# Size of blanks



## Semi-Hex (Apr 13, 2007)

Do you all have a favourite size of blank? I just started doing some milling and am thinking about getting some of this wood ready for some turners. They won't be more than air dried and the local high school will take anything up to a 8" block.

Woods being offered: Madrone, Oak, Redwood, Bay and Fir. Some may turn well some may not. I try to choose pieces that have some kind of special grain &etc. in them.

Just trying to come up with a way to use all this wood that the lumber company leaves behind, instead of firewood and and fire hazard.

Thanks.


----------



## John Paul Sanborn (Apr 14, 2007)

If the wood has figure, the size really has to do with how that figure moves in the wood, and rind density.

Low ring density will move more, check and crack faster, and should be small blanks laminated with a grain rotation, weather the intent is a segmented piece or not.

KD is impractical with large blanks, especially in a fast kiln, the destroy the wood.
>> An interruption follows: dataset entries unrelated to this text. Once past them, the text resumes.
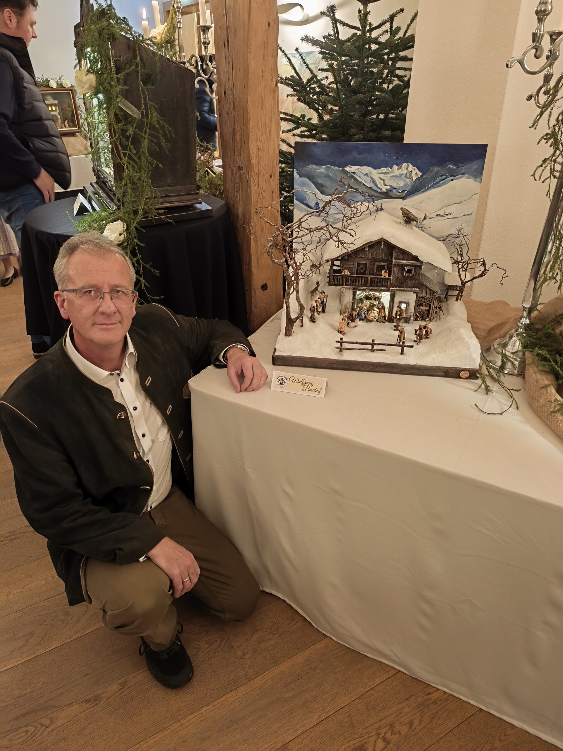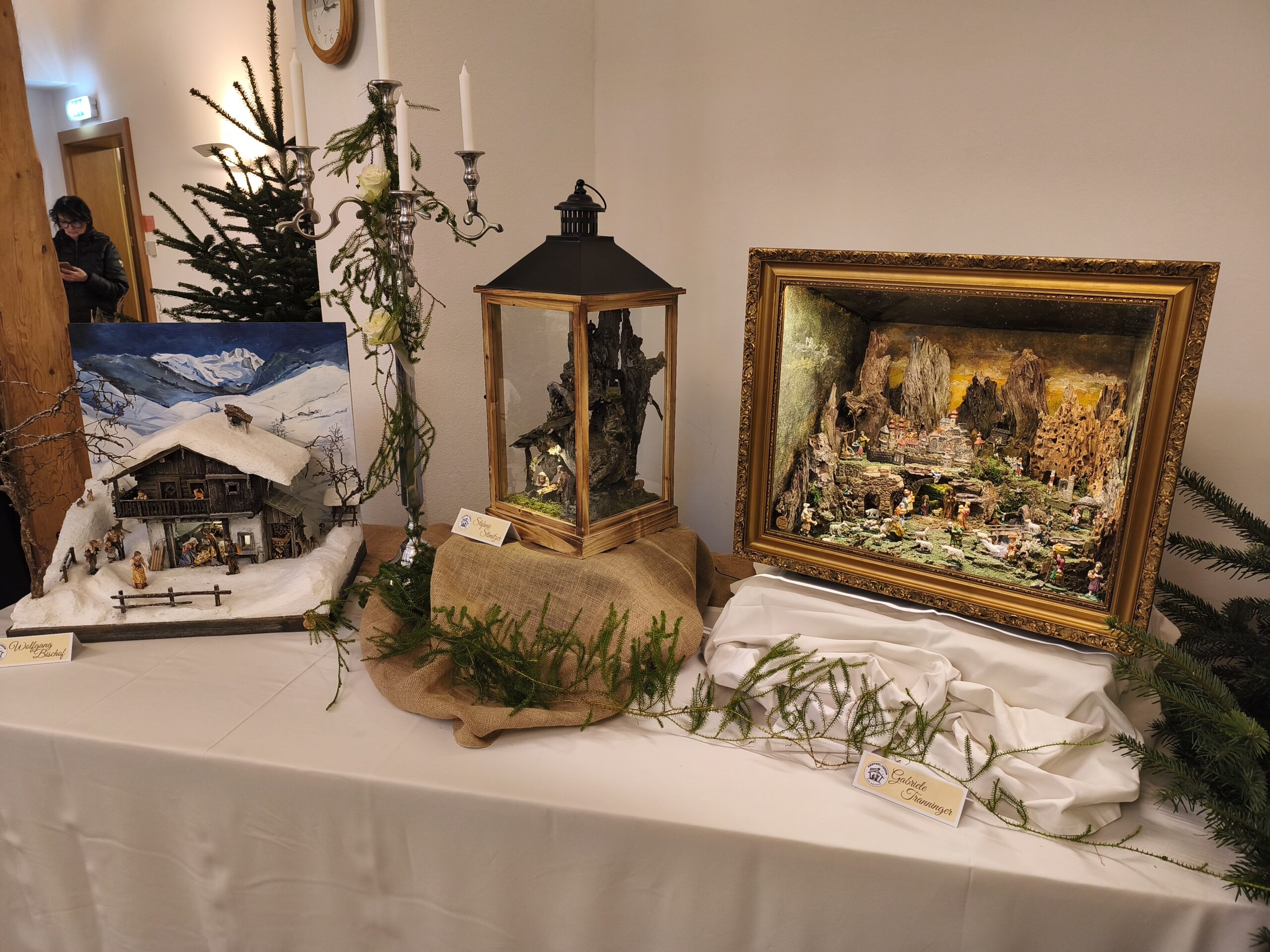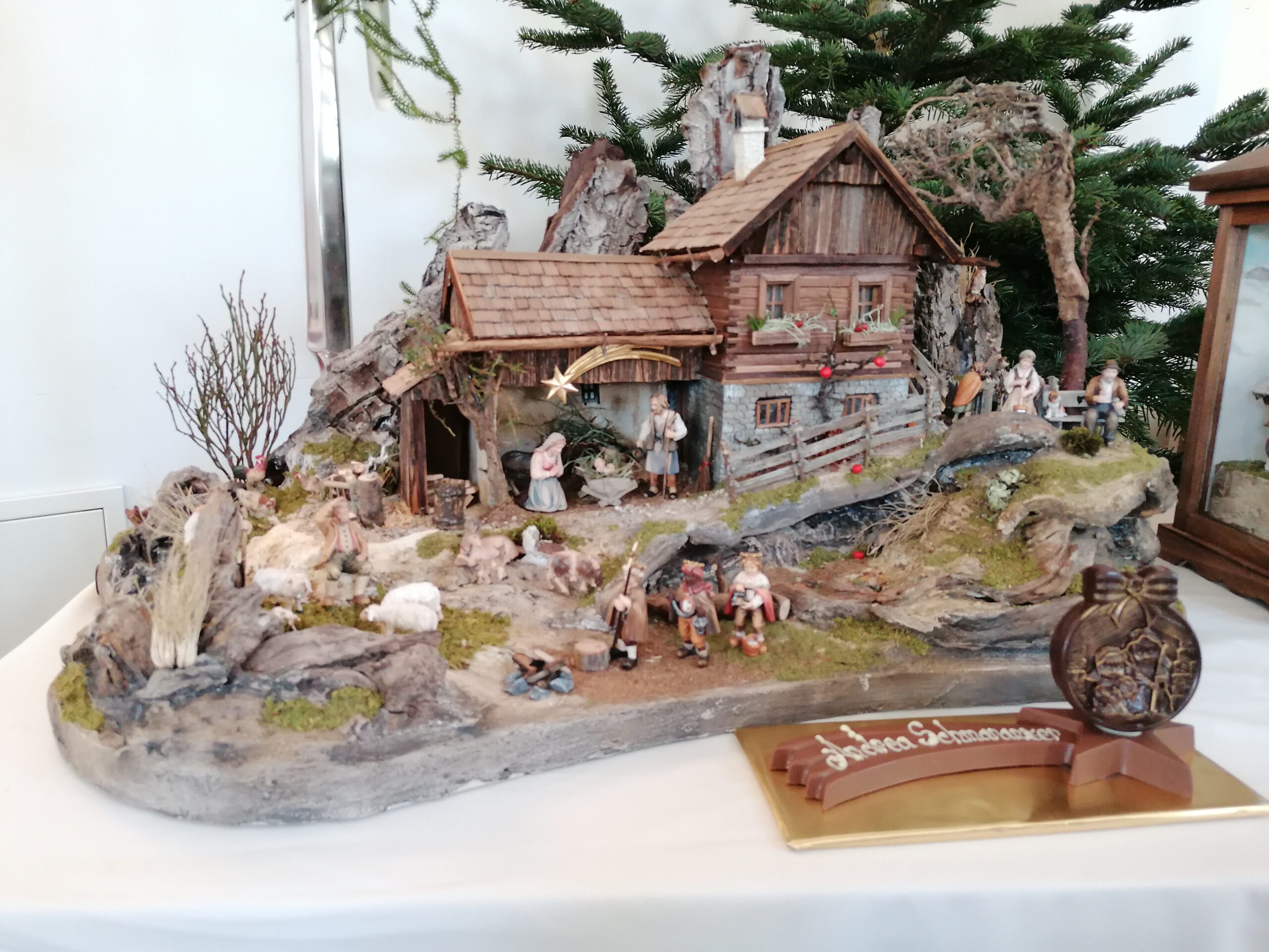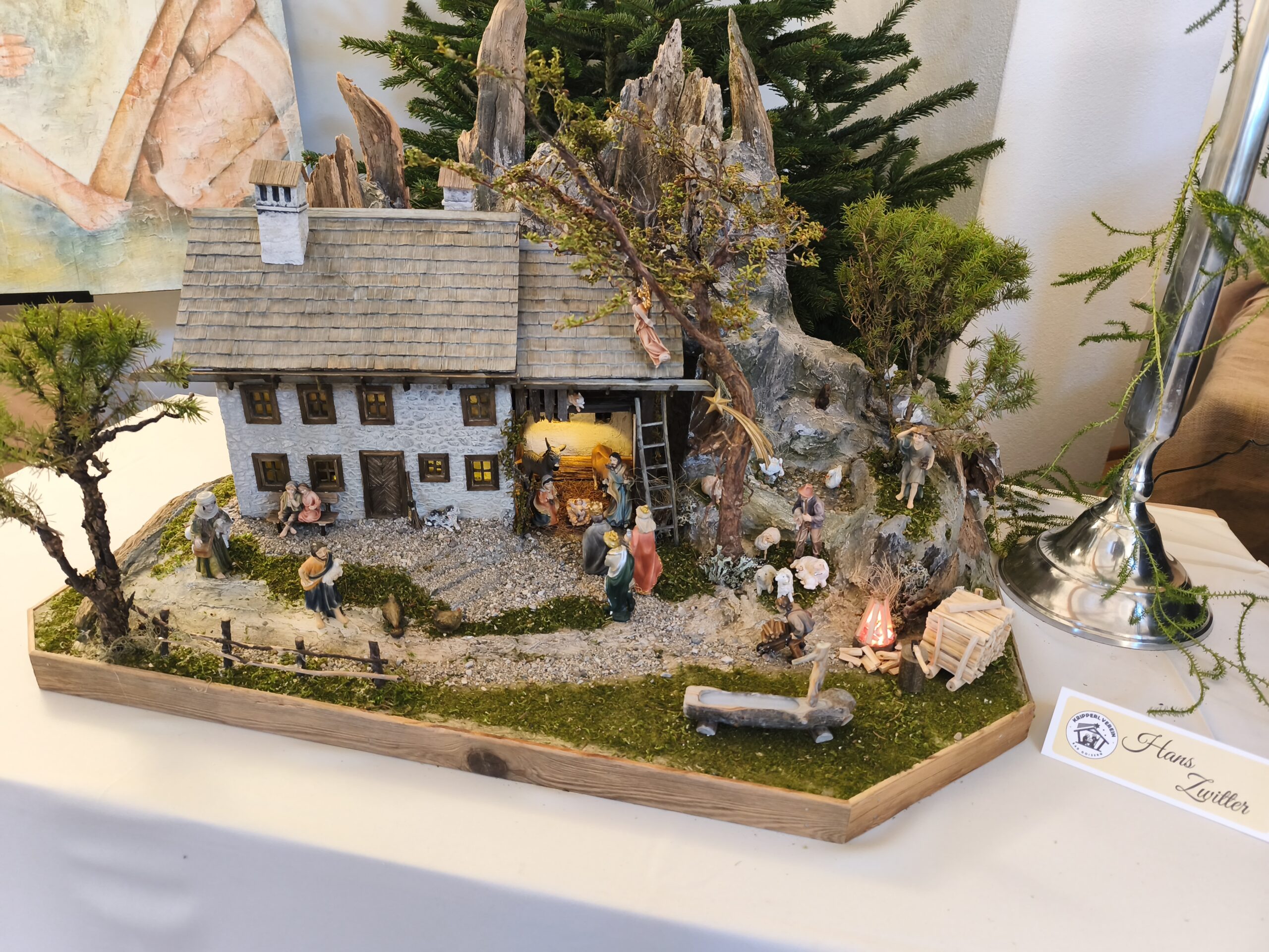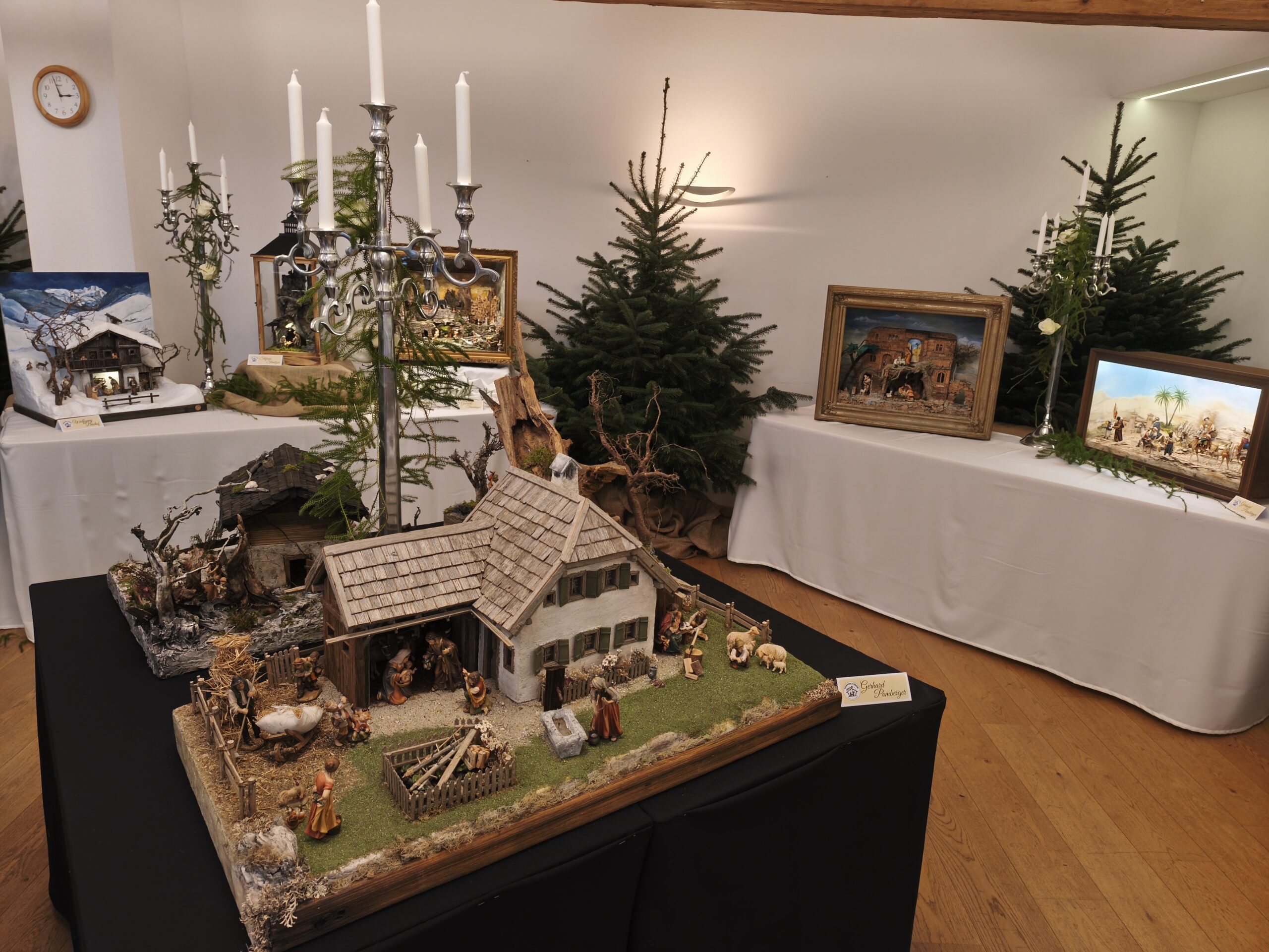 Die neu gebauten Krippen werden jährlich am 3. Adventwochenende im Katholischem Pfarramt in Bad Goisern ausgestellt. Zusätzlich zu den Kurskrippen werden Leihgaben unserer Vereinsmitglieder zu bewundern sein. Bewundert die Kripperl im wunderschönen Ambiente des Pfarrhofes und mit etwas Glück, könnt ihr die Verlosungskrippe gewinnen. Mit dem Kauf eines Loses unterstützt ihr unseren Verein. Auch die Einnahmen aus unserem „Kripperl-Cafe“ kommen unserem Verein zu Gute. Gern können Kuchen/ Torten auch nach Hause mitgenommen werden.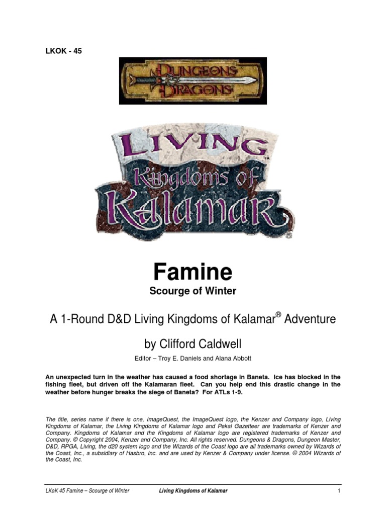 LKoK 45 Famine – Scourge of Winter Living Kingdoms of Kalamar 2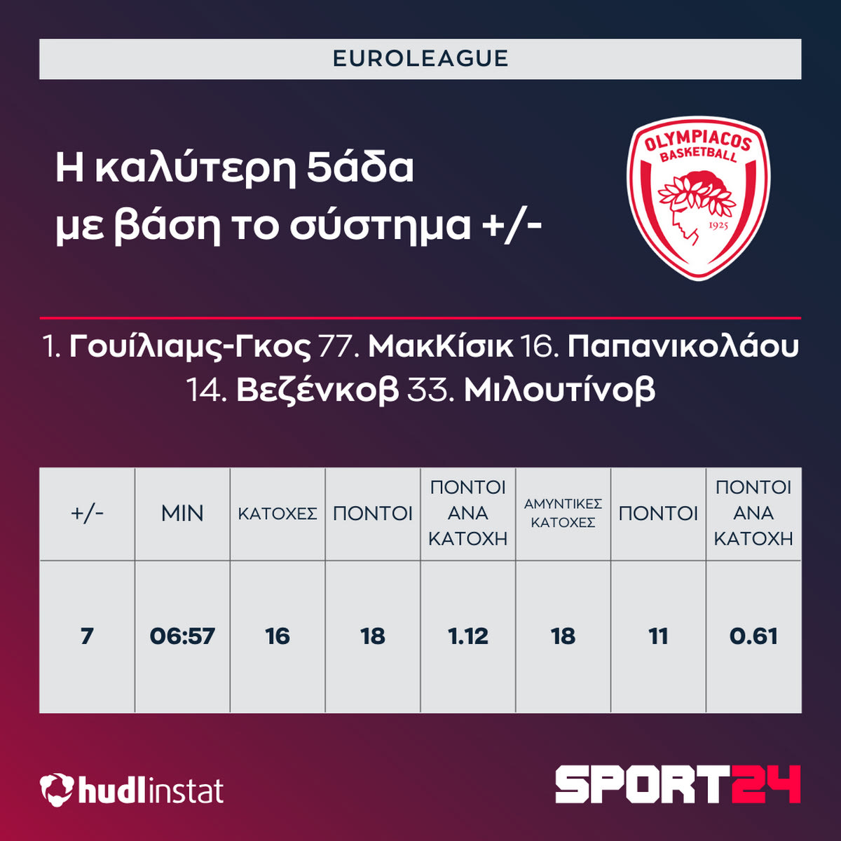 Ο Ολυμπιακός έβαλε 92 πόντους για να νικήσει. Ενώ όμως δέχθηκε 85 – σε μία κακή επίδοση για τα δεδομένα του – ηταν η άμυνά του αυτή που τον βοήθησε να γυρίσει στο ματς από το -14. Κι αυτό γιατί δέχθηκε μόλις 33 πόντους στο δεύτερο μέρος, όταν στο πρώτο μέρος είχε δεχθεί 52. Ο Ολυμπιακός άλλαξε το επίπεδο της έντασης που έβγαλε στο παρκέ. Άλλαξε όμως και την άμυνά του, κάτι που οφείλει στην πεντάδα που έφερε για τα καλά τούμπα το παιχνίδι: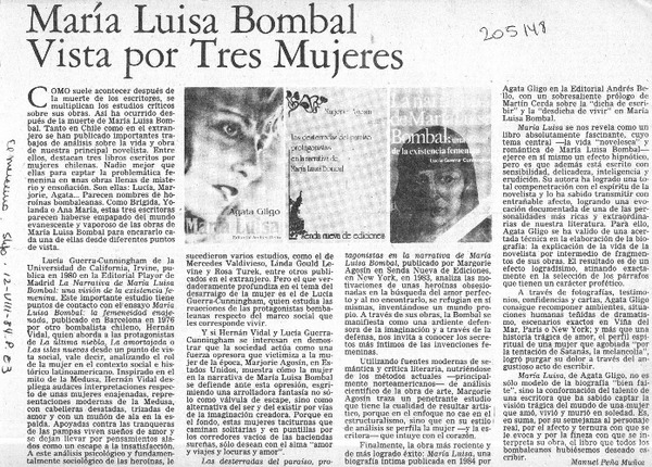 María Luisa Bombal vista por tres mujeres [artículo] Manuel Peña Muñoz.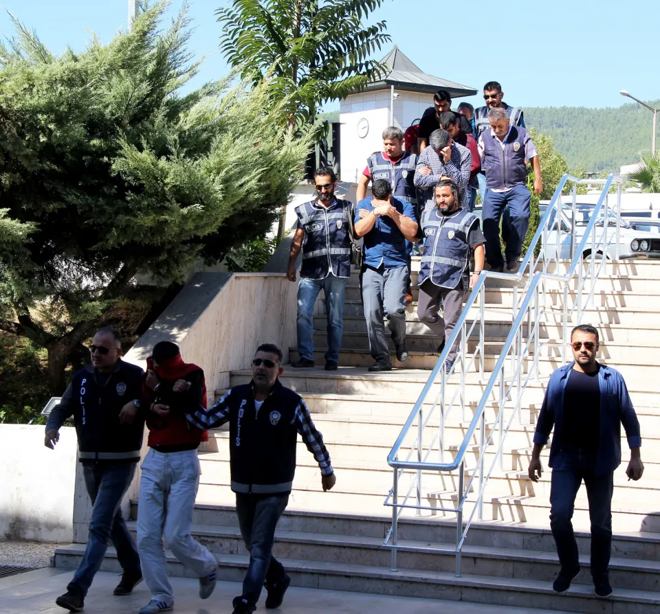 İstihbarı çalışmaların tamamlanmasının ardından Antalya’da bir otelde oldukları tespit edilen H.O., F.O., H.O., M.U.B., İ.B., N.H. ve E.S. Muğla polisi tarafından gözaltına alındı. Asayiş Şube Müdürlüğü ekipleri tarafından Muğla’ya getirilen zanlılar ifadeleri alındıktan sonra hakim karşısına çıkarılmak üzere adliyeye sevk edildiler. İlk olarak Cumhuriyet Savcılığı’na ifade veren zanlılar tutuklanma talebi ile mahkemeye sevk edildi. Hakim karşısına çıkarılan zanlılar tutuklanarak cezaevine gönderildiler.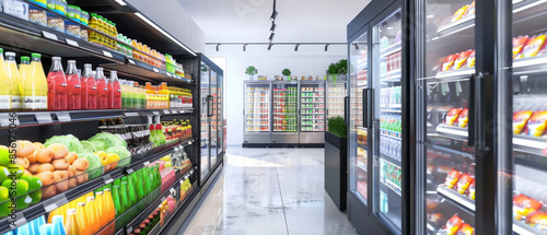 Spacious supermarket aisle with neatly arranged shelves offering an array of fresh produce, colorful beverages, and various food items under bright lighting.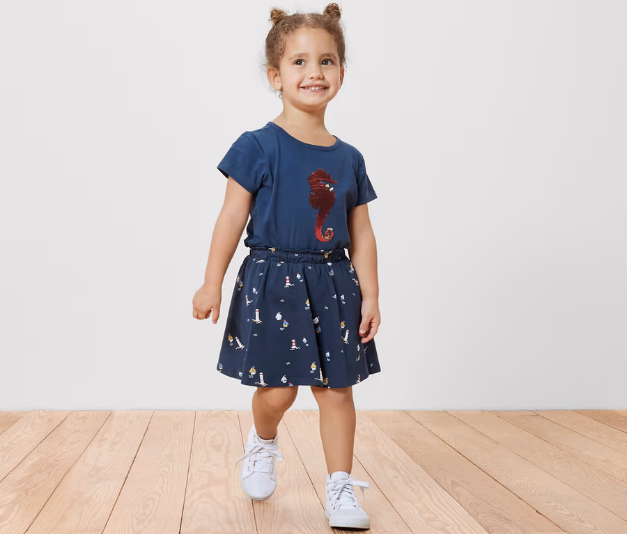 Detská džersejová sukňa s nohavicami, námornícky štýl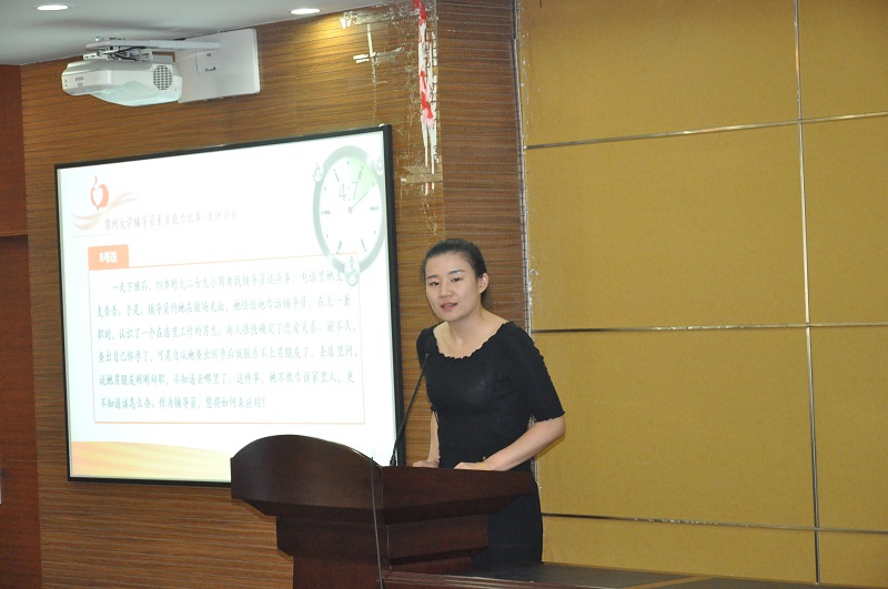 本次比赛历时一个多月,分为基础知识测试、案例分析、谈心谈话等三个环节,经过基础知识测试选拔,共有20名辅导员进入案例分析环节,通过案例分析的现场考验,最终10名辅导员入围谈心谈话比赛。案例分析和谈心谈话两个环节,着重考察辅导员综合运用法律法规、教育学、心理学、生涯规划及学生事务管理等相关知识解决现实问题的能力。谈心谈话采取情景再现的形式,题目涉及思想政治引领、心理健康教育、日常教育管理、校园危机事件应对等方面,选手们认真倾听助演人员所遇到的困惑,把握学生特征,运用相关政策,或细致耐心,或谆谆教导,充分展示了娴熟的工作技能和特色的工作方法,彰显辅导员“人生导师和知心朋友”工作本色。(通讯员 陈启迪)

AD requires around 1 year per inch of thickness as a general rule of thumb, so you will peobably be selling it as green or semi dried. 4-6/4 thickness may be best from an economical standpoint, unless you have some really nice grain from a but section or the like.

Another way to look at it is; as with a log-buck for yield. If you can get two $12 blanks vs one $20 blank.... Once you get a few piles of them it wont matter to the turner. One guy wants a bowls, one vases, one treen wear and plates. 

On the other hand, most turners are cheap bastages who want free wood , one of the reasons I started turning was all the big chunks I had laying around. Never realized how expensive a hobby it is, "ooo, that scraper looks cool, I could form a neet lip on a bowl with that!"

The way you would make real money from us would be to have a large quantity of varied sizes and speicies to choose from, at a low price. Make it up in volume as I walk out with 30 blanks when I wanted 4 

One good thin to do is wax or otherwize seal the endgrain so it will not dry faster then the inside of the blank.


----------



## stonykill (Apr 14, 2007)

thats some good info. I also have for quite a while now thought of selling off some turning blanks. The way I look at it is, if it pays for my fuel and oil for my milling, my wood I use is free!


----------



## Semi-Hex (Apr 14, 2007)

Thanks to you both. I wasn't sure of anything except that the wood wil be air dried. I can cut them any size, as long as it has some cool feature in the grain. I leave the burls whole and we get some funny crotch wood and other pieces that I think someone would like to use. We'll see, I guess.


----------



## John Paul Sanborn (Apr 17, 2007)

Stump wood is cool too, you can get some really neat reaction wood figure in very short sections.

If you get a crotch with equal stems and nice inclusions you night want to just square it up large and wax the endgrain. I like turning those into hollow form vessels along the axis of the grain. Nice flame detail with the endgrain on the sides of the vessel


----------